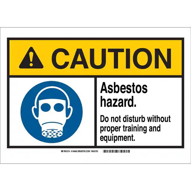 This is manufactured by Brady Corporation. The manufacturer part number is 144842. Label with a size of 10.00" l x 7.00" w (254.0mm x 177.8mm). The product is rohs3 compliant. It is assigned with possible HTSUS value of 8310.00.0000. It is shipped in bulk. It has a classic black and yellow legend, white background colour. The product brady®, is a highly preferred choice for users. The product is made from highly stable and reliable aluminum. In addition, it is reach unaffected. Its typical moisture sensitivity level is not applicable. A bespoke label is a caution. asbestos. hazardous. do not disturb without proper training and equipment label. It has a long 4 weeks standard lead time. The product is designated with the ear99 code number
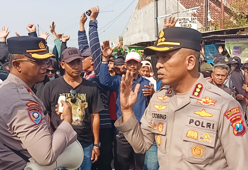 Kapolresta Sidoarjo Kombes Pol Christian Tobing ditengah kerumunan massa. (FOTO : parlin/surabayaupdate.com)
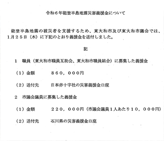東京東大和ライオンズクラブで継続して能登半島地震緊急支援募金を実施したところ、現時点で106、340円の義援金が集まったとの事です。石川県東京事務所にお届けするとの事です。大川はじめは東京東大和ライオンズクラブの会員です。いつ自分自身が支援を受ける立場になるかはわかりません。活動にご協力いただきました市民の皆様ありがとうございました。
________________
#### [Work task]
Everything above except the pictures needs to be reproduced exactly.

#### [Written answer]
 This is manufactured by Brady Corporation. The manufacturer part number is 144842. Label with a size of 10.00" l x 7.00" w (254.0mm x 177.8mm). The product is rohs3 compliant. It is assigned with possible HTSUS value of 8310.00.0000. It is shipped in bulk. It has a classic black and yellow legend, white background colour. The product brady®, is a highly preferred choice for users. The product is made from highly stable and reliable aluminum. In addition, it is reach unaffected. Its typical moisture sensitivity level is not applicable. A bespoke label is a caution. asbestos. hazardous. do not disturb without proper training and equipment label. It has a long 4 weeks standard lead time. The product is designated with the ear99 code number
 Kapolresta Sidoarjo Kombes Pol Christian Tobing ditengah kerumunan massa. (FOTO : parlin/surabayaupdate.com)
東京東大和ライオンズクラブで継続して能登半島地震緊急支援募金を実施したところ、現時点で106、340円の義援金が集まったとの事です。石川県東京事務所にお届けするとの事です。大川はじめは東京東大和ライオンズクラブの会員です。いつ自分自身が支援を受ける立場になるかはわかりません。活動にご協力いただきました市民の皆様ありがとうございました。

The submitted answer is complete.